• PROMPT: From the line containing "Римская штора производителя" down to the last line of the material, output each line exactly as it appears, excluding pictures.

• SUPPLIED DATA:
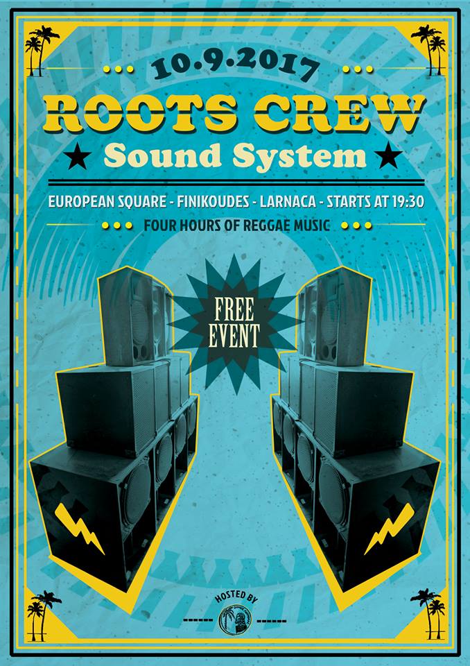Μετά από πολύ καιρό το Roots Crew Soundsystem θα εγκαταστήσει το ηχοσύστημα του για πρώτη φορά στη Πλατεία Ευρώπης στις Φοινικούδες. Η εκδήλωση θα πραγματοποιηθεί τη Κυριακή 10 Σεπτεμβρίου από τις 7:30 μ.μ μέχρι τις 10:30 μ.μ .
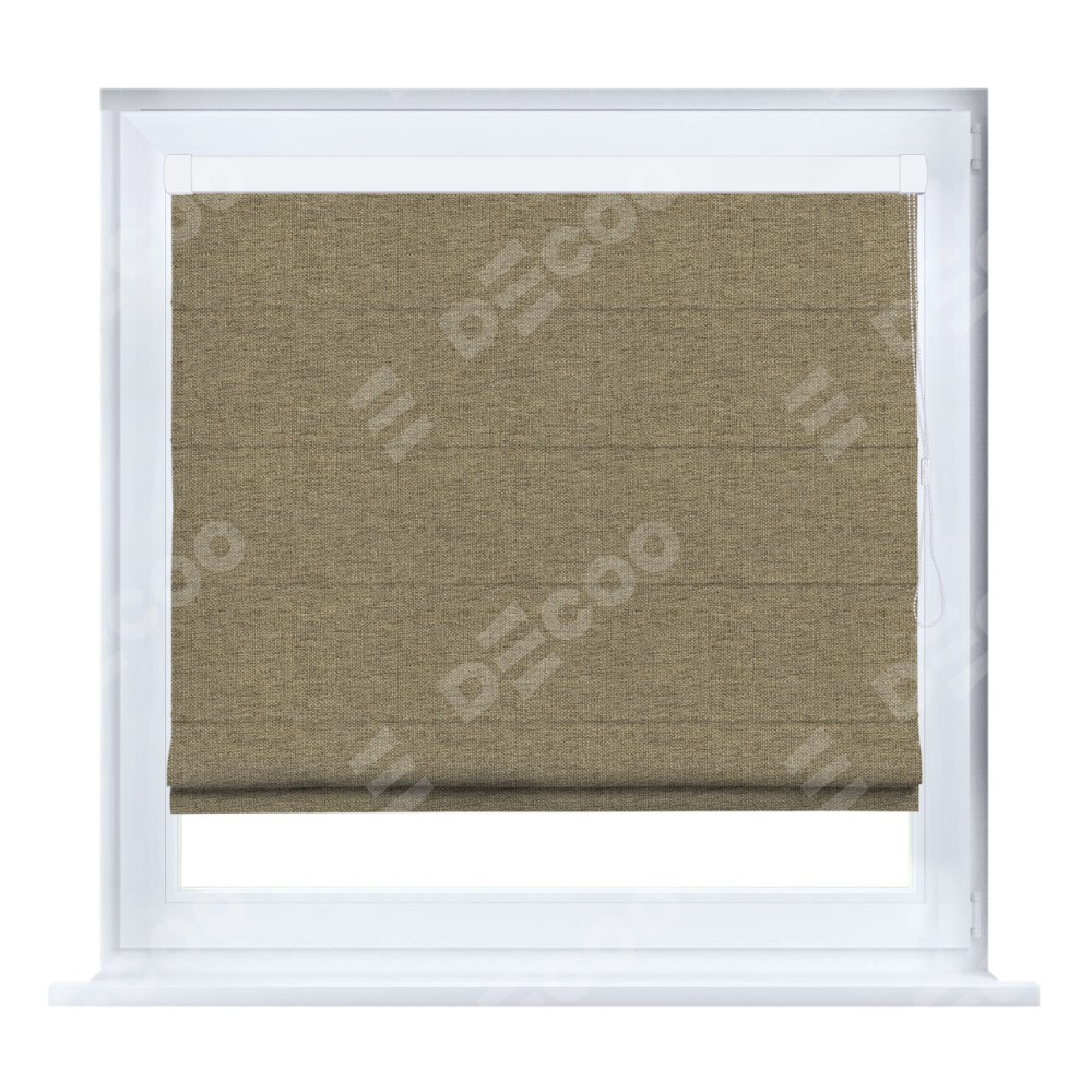 Римская штора производителя «Cortin», устанавливается на створку окна, пошита из ткани стиф димаут тёмно-бежевый, артикул 18085. Штора шьётся по индивидуальным размерам, для данного типа римской шторы возможная ширина от 35 до 150 см., высота до 250 см.
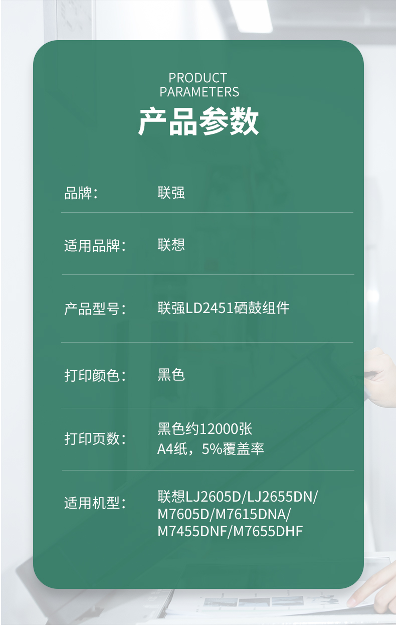 联强 LD2451 打印量约12000页 适用联想LJ2605D/LJ2655DN等 硒鼓组件 1.00 只/支 (计价单位:支) 黑色
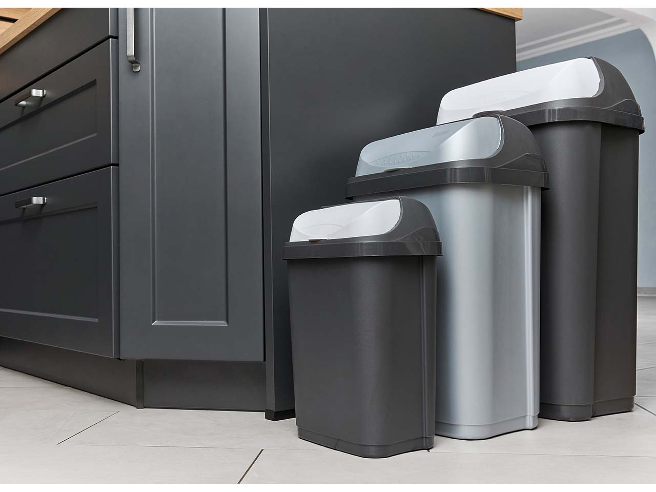Der robuste Abfallbehälter aus Recycling-Kunststoff ist in zwei Größen erhältlich und ein praktischer Alltagshelfer, der Ordnung schafft, ohne Kompromisse einzugehen. Der Rolldeckel begeistert mit angenehmer Haptik und macht die Abfallentsorgung kinderleicht – ein kleiner Handgriff genügt. Das dezente, moderne Design fügt sich harmonisch in verschiedene Raumkonzepte ein. Der abnehmbare Deckel lässt sich im Handumdrehen entfernen, sodass sich der Behälter mühelos mit einem feuchten Tuch oder Schwamm reinigen lässt. Mit 25 l oder 50 l Fassungsvermögen.

• THE ANSWER:
 Римская штора производителя «Cortin», устанавливается на створку окна, пошита из ткани стиф димаут тёмно-бежевый, артикул 18085. Штора шьётся по индивидуальным размерам, для данного типа римской шторы возможная ширина от 35 до 150 см., высота до 250 см.
 联强 LD2451 打印量约12000页 适用联想LJ2605D/LJ2655DN等 硒鼓组件 1.00 只/支 (计价单位:支) 黑色
Der robuste Abfallbehälter aus Recycling-Kunststoff ist in zwei Größen erhältlich und ein praktischer Alltagshelfer, der Ordnung schafft, ohne Kompromisse einzugehen. Der Rolldeckel begeistert mit angenehmer Haptik und macht die Abfallentsorgung kinderleicht – ein kleiner Handgriff genügt. Das dezente, moderne Design fügt sich harmonisch in verschiedene Raumkonzepte ein. Der abnehmbare Deckel lässt sich im Handumdrehen entfernen, sodass sich der Behälter mühelos mit einem feuchten Tuch oder Schwamm reinigen lässt. Mit 25 l oder 50 l Fassungsvermögen.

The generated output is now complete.